Example: Updating a database column from "1" to "0" or "null" will result in only a few bytes transaction log / redo log, but would create a much longer "insert" in the change-tracking table. For this reason the increase of transaction log / redo log volume can be significant; it depends on the type of database activity and is very application specific.
Note 2:
The database writer process has also less work to process, and it may happen that this process (or the IO-system) becomes on the real production system the bottleneck, due to (much) higher database write activity.
A dedicated server for performance testing to avoid any impact from other testing activities, is common practice.
No CPU or Memory is consumed by anything else than by performance testing.
In case that local disks are used, the performance of the storage (disk IO performance) should be constant too.
However, if a shared storage, e.g. a SAN (Storage Area Network) or NAS (Network attached Storage) is used, the IO-performance might vary between performance tests.
Even QoS (Quality of Service) cannot eliminate that completely.
E.g. defining a target of 8 milliseconds per random read, would ensure that the latency won't increase beyond 8 milliseconds.
However, some of the test runs might get still better values.
Measure and document the disk latency during each test.
In case that the values are quite constant during all tests, they are easily comparable.
In case that the results vary over the tests, the impact of the varying IO-performance needs to be determined and considered when comparing the test results.
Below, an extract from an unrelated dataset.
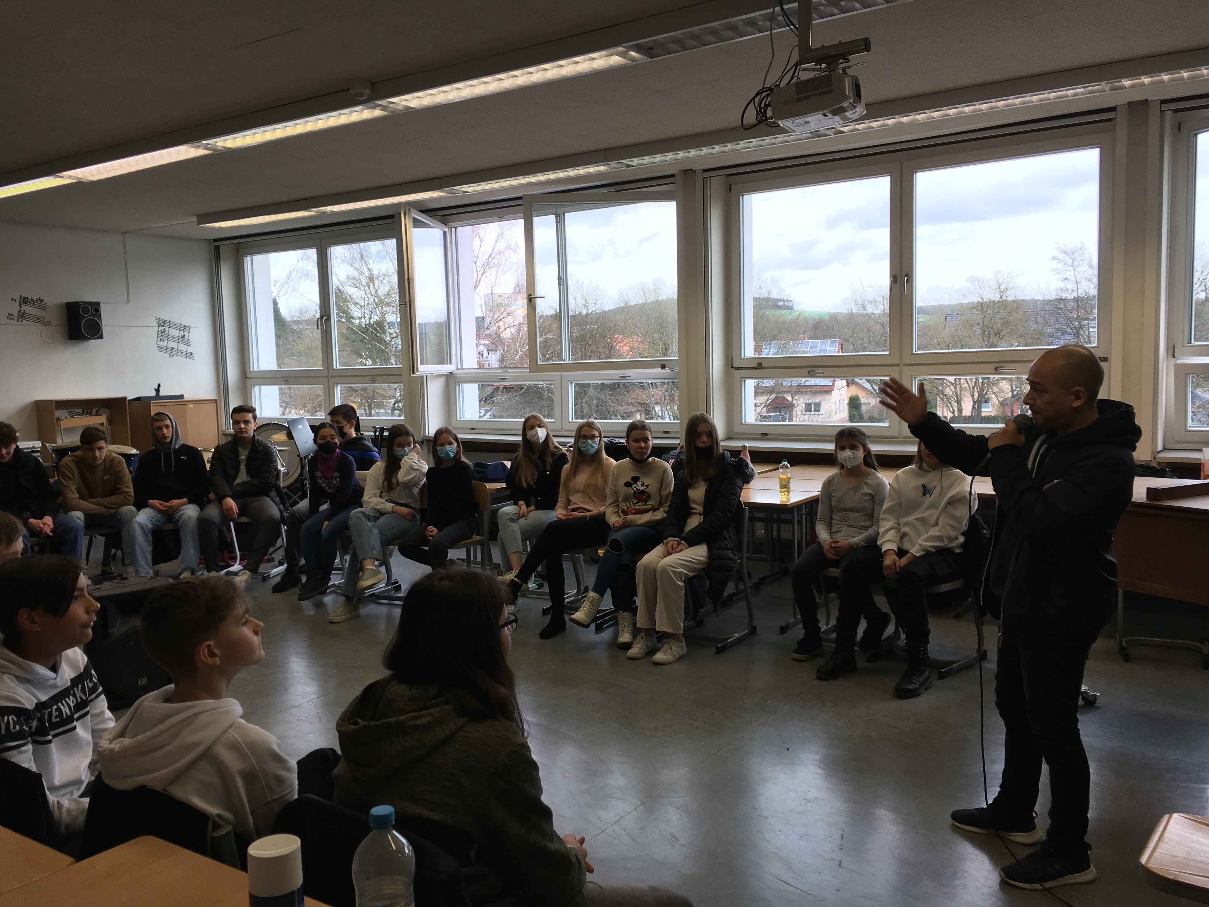 Im Beatboxen wird der ganze Körper zum Instrument, denn man benutzt seine Stimme, um Perkussionsgeräusche von beispielsweise Schlagzeugen nachzuahmen. Der Europameister im Beatboxen Robeat brachte den Teilnehmer*innen bei, wie man beatboxt und was die eigene Stimme alles kann, vor allem vor dem Hintergrund, dass diese ihre eigene Stimme entdecken, um so ihr Selbstbewusstsein zu stärken.

Detailed Statistics show, that during a test run with IO-read-latency of 6 ms within 1 hour
30 minutes - CPU consumption by application process 8 minutes - CPU consumption on Database 20 minutes - disk waits for random read 2 minutes - log writer waiting for disk ---------------------------------------------------- 60 minutes total elapsed time
in case that disk read latency increases from 6 ms/read to 12 ms/read, the total time for disk reads will increase from 20 minutes to 40 minutes, the total time from 60 minutes to 80 minutes. (Assumption: No other parameter was changed, the number of disk reads is constant, and the change in disk read time just proportional to the change in disk latency.)
In case that in some tests the number of disk reads is lower, this could be the result of Trap Nr. 1 - "Unrealistic Cache hits" in database or application cache.
Documenting the time slices for each test run as well as details of number of disk reads / writes and disk latency should show a clear correlation to the varying disk latency.
This detailed documentation of the impact of varying disk latency is an additional benefit for the future production use, as varying disk performance is also observed on most production systems.
Run several performance tests with same test case and same parameters, except varying IO-performance.
Obstacle: You might not have any chance to influence the IO-performance, and if it's suddenly stable you won't get the expected results.
Often storage-team monitors and documents SAN-performance over time. In case of good communication with Storage team you might get information when backups are run, or SAN-internal activities (synchronizing / establishing a 3rd mirror) are taking place, or other servers connected to the SAN run IO-intensive jobs impacting overall SAN-performance. This will help you to schedule performance tests during those periods.
Otherwise, you might have already detected a pattern of varying IO performance over time (and probably already tracked back to e.g. concurrent backups ...) such that you can schedule test runs at that time.